Look below for the line that has "レギュラーモデルのケースとブ"; output exactly from it through the line that has "El Colegio Mercedes", and leave the pictures out.

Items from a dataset
..........
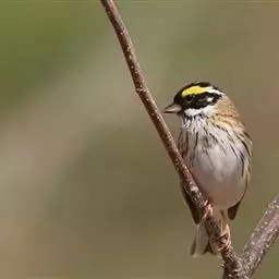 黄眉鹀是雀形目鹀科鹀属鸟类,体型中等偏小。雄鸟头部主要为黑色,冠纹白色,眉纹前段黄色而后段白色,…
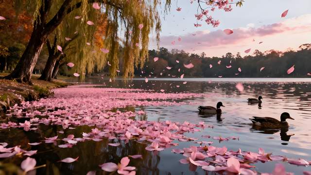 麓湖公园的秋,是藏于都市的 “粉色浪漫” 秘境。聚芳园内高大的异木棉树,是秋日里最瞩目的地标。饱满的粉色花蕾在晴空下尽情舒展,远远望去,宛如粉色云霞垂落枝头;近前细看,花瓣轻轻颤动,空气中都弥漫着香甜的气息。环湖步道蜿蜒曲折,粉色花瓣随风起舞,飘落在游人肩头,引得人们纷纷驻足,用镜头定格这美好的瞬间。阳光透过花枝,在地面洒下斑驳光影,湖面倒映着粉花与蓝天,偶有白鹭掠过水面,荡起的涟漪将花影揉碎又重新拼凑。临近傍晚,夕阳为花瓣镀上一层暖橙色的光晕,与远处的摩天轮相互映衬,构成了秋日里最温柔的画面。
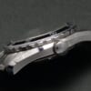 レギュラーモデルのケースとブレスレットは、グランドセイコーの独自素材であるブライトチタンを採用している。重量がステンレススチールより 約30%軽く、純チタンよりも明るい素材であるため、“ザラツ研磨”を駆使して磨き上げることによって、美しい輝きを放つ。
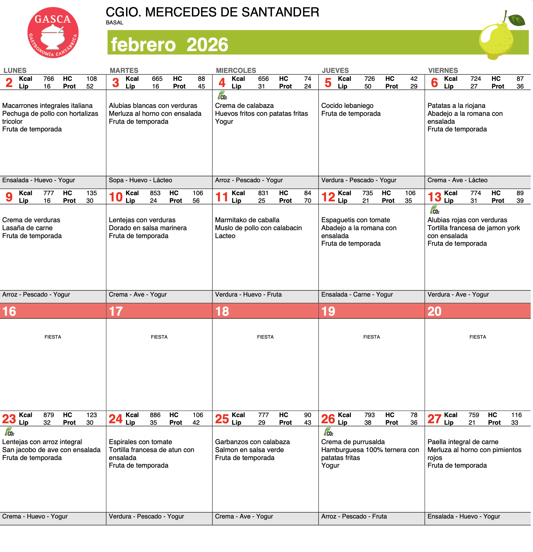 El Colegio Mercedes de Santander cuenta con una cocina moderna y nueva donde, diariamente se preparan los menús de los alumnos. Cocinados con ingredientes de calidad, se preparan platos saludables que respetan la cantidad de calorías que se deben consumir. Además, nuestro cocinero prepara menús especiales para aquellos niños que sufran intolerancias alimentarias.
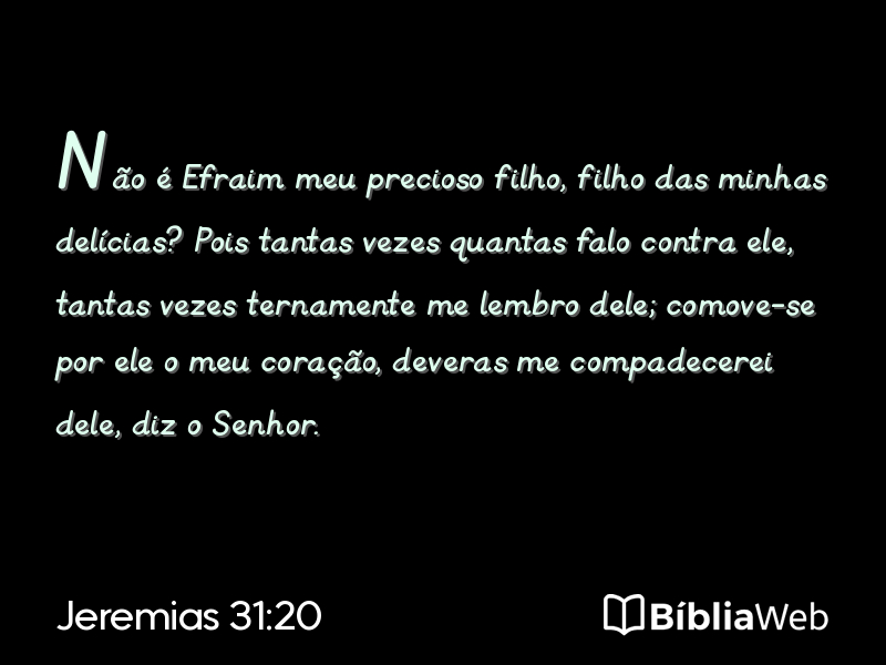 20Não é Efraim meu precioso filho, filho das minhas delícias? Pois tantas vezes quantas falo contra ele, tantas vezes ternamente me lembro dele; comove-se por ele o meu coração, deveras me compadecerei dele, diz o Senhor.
..........
→ Exercise result
 レギュラーモデルのケースとブレスレットは、グランドセイコーの独自素材であるブライトチタンを採用している。重量がステンレススチールより 約30%軽く、純チタンよりも明るい素材であるため、“ザラツ研磨”を駆使して磨き上げることによって、美しい輝きを放つ。
 El Colegio Mercedes de Santander cuenta con una cocina moderna y nueva donde, diariamente se preparan los menús de los alumnos. Cocinados con ingredientes de calidad, se preparan platos saludables que respetan la cantidad de calorías que se deben consumir. Además, nuestro cocinero prepara menús especiales para aquellos niños que sufran intolerancias alimentarias.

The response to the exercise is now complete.